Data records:
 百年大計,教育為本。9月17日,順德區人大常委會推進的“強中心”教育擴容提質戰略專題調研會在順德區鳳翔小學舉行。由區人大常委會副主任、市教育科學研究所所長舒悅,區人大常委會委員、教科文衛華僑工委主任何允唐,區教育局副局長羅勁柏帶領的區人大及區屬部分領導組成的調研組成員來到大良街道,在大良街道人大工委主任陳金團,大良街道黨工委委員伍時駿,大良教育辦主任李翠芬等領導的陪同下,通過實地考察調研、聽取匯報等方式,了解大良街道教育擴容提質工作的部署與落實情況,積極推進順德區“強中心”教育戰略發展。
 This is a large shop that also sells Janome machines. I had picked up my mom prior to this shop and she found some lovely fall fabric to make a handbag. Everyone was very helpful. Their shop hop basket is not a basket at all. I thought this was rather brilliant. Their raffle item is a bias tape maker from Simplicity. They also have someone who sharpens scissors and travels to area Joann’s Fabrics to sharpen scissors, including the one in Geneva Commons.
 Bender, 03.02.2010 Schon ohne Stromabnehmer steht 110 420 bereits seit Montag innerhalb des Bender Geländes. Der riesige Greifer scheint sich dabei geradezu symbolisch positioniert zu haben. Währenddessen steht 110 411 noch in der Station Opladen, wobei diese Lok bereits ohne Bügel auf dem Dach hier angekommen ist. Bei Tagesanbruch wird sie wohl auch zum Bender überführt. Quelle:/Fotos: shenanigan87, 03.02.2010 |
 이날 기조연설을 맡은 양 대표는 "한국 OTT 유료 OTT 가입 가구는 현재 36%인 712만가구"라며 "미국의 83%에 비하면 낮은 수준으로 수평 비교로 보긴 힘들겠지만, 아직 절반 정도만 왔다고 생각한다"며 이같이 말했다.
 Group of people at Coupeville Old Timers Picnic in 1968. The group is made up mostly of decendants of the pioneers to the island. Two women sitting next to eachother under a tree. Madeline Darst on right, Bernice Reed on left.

Exercise goal: From the data above, reproduce word for word the lines running from the line with "This is a large" to the line with "이날 기조연설을 맡은", ends included.

Output below:
 This is a large shop that also sells Janome machines. I had picked up my mom prior to this shop and she found some lovely fall fabric to make a handbag. Everyone was very helpful. Their shop hop basket is not a basket at all. I thought this was rather brilliant. Their raffle item is a bias tape maker from Simplicity. They also have someone who sharpens scissors and travels to area Joann’s Fabrics to sharpen scissors, including the one in Geneva Commons.
 Bender, 03.02.2010 Schon ohne Stromabnehmer steht 110 420 bereits seit Montag innerhalb des Bender Geländes. Der riesige Greifer scheint sich dabei geradezu symbolisch positioniert zu haben. Währenddessen steht 110 411 noch in der Station Opladen, wobei diese Lok bereits ohne Bügel auf dem Dach hier angekommen ist. Bei Tagesanbruch wird sie wohl auch zum Bender überführt. Quelle:/Fotos: shenanigan87, 03.02.2010 |
 이날 기조연설을 맡은 양 대표는 "한국 OTT 유료 OTT 가입 가구는 현재 36%인 712만가구"라며 "미국의 83%에 비하면 낮은 수준으로 수평 비교로 보긴 힘들겠지만, 아직 절반 정도만 왔다고 생각한다"며 이같이 말했다.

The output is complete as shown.